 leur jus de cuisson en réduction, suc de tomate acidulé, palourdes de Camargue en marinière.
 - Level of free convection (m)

────

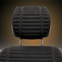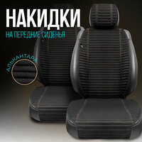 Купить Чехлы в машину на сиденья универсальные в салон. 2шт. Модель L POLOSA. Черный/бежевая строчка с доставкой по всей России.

────

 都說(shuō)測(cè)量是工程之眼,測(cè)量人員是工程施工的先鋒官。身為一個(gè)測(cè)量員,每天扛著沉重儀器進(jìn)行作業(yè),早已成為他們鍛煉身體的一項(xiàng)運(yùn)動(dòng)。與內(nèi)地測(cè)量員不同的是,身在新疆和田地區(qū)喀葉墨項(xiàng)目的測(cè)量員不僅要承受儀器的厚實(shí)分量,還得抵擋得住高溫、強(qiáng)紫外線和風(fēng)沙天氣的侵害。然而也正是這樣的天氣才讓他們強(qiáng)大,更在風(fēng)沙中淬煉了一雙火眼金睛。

────

PROBLEM | With the line that has "leur jus de" as the first and the line that has "- Level of free convection (m)" as the last, repeat exactly that run of lines above and no more.

RESPONSE |
 leur jus de cuisson en réduction, suc de tomate acidulé, palourdes de Camargue en marinière.
 - Level of free convection (m)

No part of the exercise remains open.